A drop in sales for some of the company’s new reduced-sugar drinks has been blamed for the profit warning, as well as wetter weather.
A J Bell’s investment director Russ Mould expects AG Barr to survive this current difficulty, particularly as the weather has recently improved and the company has proved nimble at adjusting its product range.
“AG Barr has a good reputation of being able to deal with challenges such as the sugar tax where it had to reformulate its products. One also has to think that the current sunny weather plays to AG Barr’s favour and so it may not be in a sticky patch for too long.”
Mould adds that AG Barr has been adept at tapping into consumer trends, such as the boom in energy drinks and alcohol-free cocktails.
But The Share Centre’s Graham Spooner said that “there will be more than just an eyebrow raised” when a company based in Scotland blames the weather for a profit warning.
Some help for the Scottish-based drinks firm could come from an unexpected source: among his many promises in his pitch to be the next Prime Minister, Boris Johnson is looking at repealing the sugar tax, which was brought in to tackle childhood obesity but has forced up costs for manufacturers.
AG Barr shares have performed strongly in recent years, with a 30% over the past 12 months, and 21% annualised rise over three years, according to Morningstar data. The strong performance has not escaped the attention of some of Britain’s best-known fund managers: Nick Train, manager of the Gold-rated Lindsell Train UK Equity, who is known to favour firms unlikely to be disrupted by technological advances, is a fan of AG Barr.

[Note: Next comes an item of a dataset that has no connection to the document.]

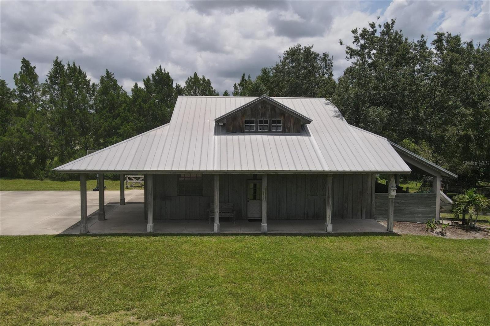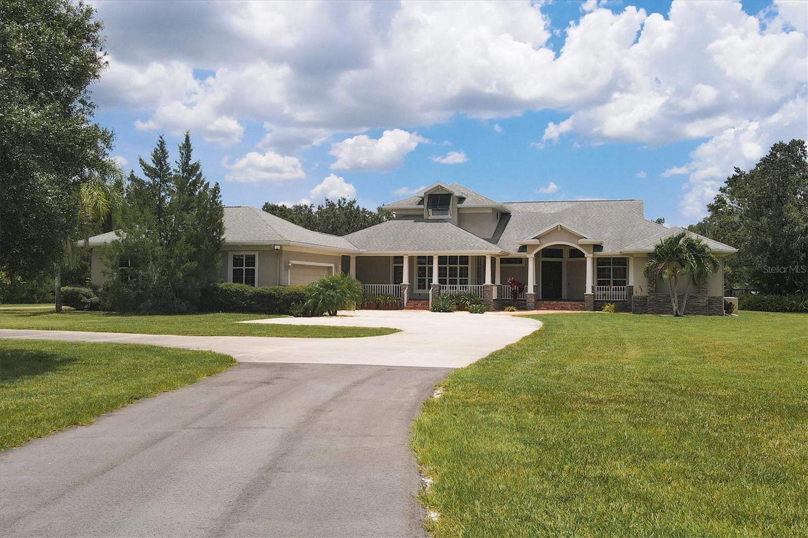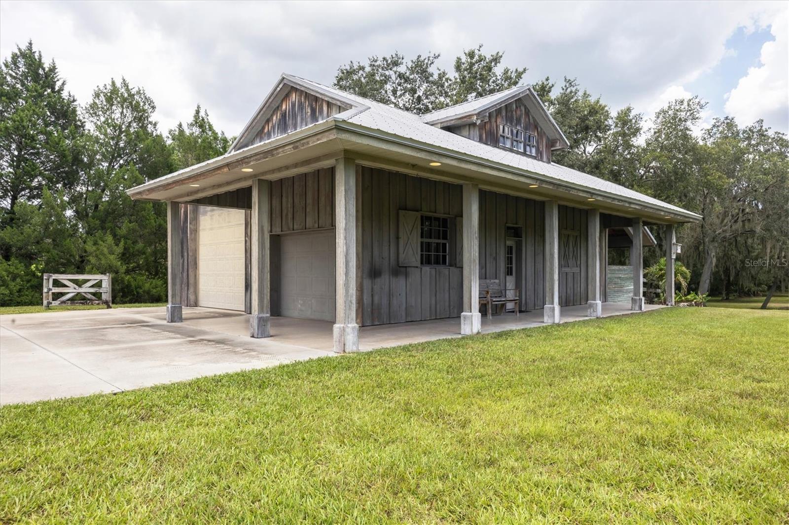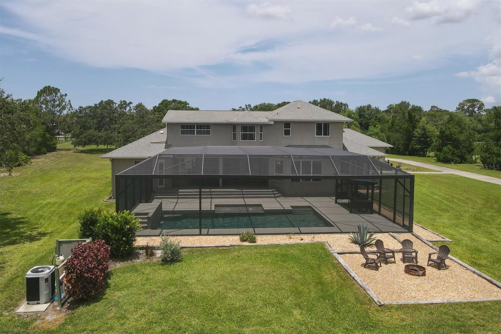 Private, Peaceful and Serene are three words to describe this picturesque Key West style home on 5.15 acres. A southern style porch greets you with an invitation to sit and stay a while. The home is very spacious and airy with 4 bedrooms, 3.5 baths and a flex room upstairs. The generous dining, kitchen and living area has beautiful views of the front and backyard pool bringing loads of light into the space. Moving outside to the expansive, covered patio, you'll see the large self cleaning, saltwater pool (2021) with panoramic screened enclosure (2022) perfect for entertaining on a warm day. Imagine yourself overlooking the pool while watching deer graze as you enjoy your morning coffee. Let's go inside...The owner's suite has easy access from the first floor through double doors and is roomy and comfortable. Plenty of storage and organization lines the walls of the main bedroom's walk in closet and continues to the en suite bath with built in drawers and shelving. The shower also has easy access and a separate soaker tub provides a private oasis to rest and relax. Coming from the owner's suite is an open living room area that's vaulted with a balcony and stair case to the second floor. Up the staircase you will find three bedrooms, the first with en suite bath updated in 2023 and an inviting window seat for guests to read and enjoy. Across the hall is another separate full bath also remodeled in 2022. Next door to the full bath, the second bedroom has a unique, elevated, built in desk area overlooking the front of the house and the third adjacent bedroom has a lovely view of the backyard and built in shelving. Walking down the hall and across the balcony you'll find a fourth room that could be a fifth bedroom, media room for movie nights, office or den. Mature trees adorn the property giving a quiet effect leading to a secluded space at the back of the property over a dry creek bed that flows during rainy season. The 31' x 40' block outbuilding is perfect to store your RV. Work benches and a half bath make the outbuilding a proper man cave! Available on separate contract or included for the right price is a Mahindra 2638 Tractor with approx. 200 hours, grapple and backhoe, a Gator all terrain vehicle with dump feature and John Deere zero turn mower to manage the property. Upstairs you'll find an air conditioned room adding extra usable square footage for your own private gym or tack room as this property is zoned for horses! Potential abounds as the all block outbuilding could also be made into a separate dwelling with modification. A 12' x 31' lean to at the back of the outbuilding is paved for easy animal care or storage. So much potential resides here and the heavy lifting has been done for you in the home with a newer roof (2018), 2 AC units with MERV 13 & UV lights (2020), landscaping (2021), new water heater (2023), new well pump (2023) Culligan water filtration system (2021), Rain Bird irrigation system (2023), asphalt driveway (2023), and new split AC unit for outbuilding (2022) . Ten minutes drive to State Road 75 and close to parks for recreation, exercise and fun this location is prime just 10 minutes drive to shopping and dining at the trendy University Town Center area and to Downtown Sarasota its a short 15 minute drive. With this property as your new home, you can have country privacy with a side of city!

Lindsell Train Investment Trust (LTI) has one of the biggest stakes among active funds in AG Barr, which makes up more than 5% of the portfolio. The drinks firm makes up 1% of Lindsell Train UK Equity and 2% of closed-end Finsbury Growth and Income (FGT). The Finsbury trust has the highest rating that Morningstar can award: it has a Gold Analyst Rating and is also rated as five stars, which means that it has outperformed its peers and its benchmark.
Morningstar analysts say: “The crux of Train’s investment philosophy lies in the belief that a highly concentrated portfolio of high-quality, cash-generative, strong, and easily understood business franchises will outperform the market and reduce volatility over the long term.”